**THE TASK**
An exact restatement of the data below, with the pictures removed, is the required answer.

**STORED DATA**
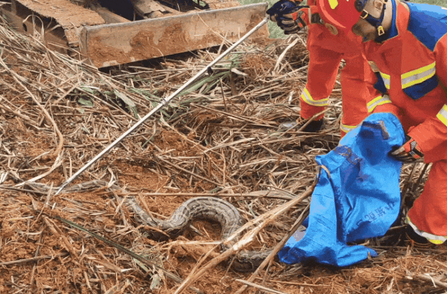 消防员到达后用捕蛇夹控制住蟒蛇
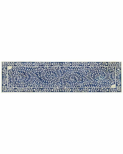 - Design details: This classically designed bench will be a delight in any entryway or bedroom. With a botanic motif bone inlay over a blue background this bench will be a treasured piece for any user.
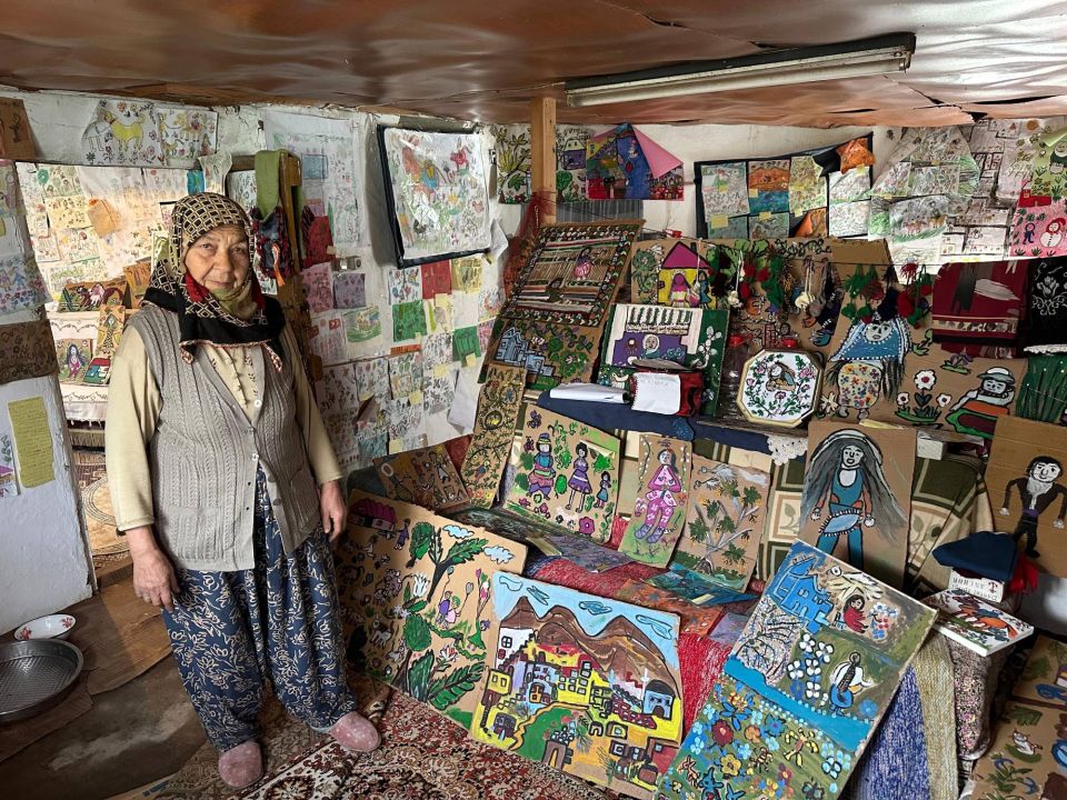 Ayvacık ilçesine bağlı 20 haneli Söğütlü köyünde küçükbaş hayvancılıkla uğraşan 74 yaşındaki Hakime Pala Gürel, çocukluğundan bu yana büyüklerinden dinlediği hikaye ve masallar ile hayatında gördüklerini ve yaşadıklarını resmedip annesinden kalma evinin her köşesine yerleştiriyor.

**TASK RESPONSE**
 消防员到达后用捕蛇夹控制住蟒蛇
 - Design details: This classically designed bench will be a delight in any entryway or bedroom. With a botanic motif bone inlay over a blue background this bench will be a treasured piece for any user.
 Ayvacık ilçesine bağlı 20 haneli Söğütlü köyünde küçükbaş hayvancılıkla uğraşan 74 yaşındaki Hakime Pala Gürel, çocukluğundan bu yana büyüklerinden dinlediği hikaye ve masallar ile hayatında gördüklerini ve yaşadıklarını resmedip annesinden kalma evinin her köşesine yerleştiriyor.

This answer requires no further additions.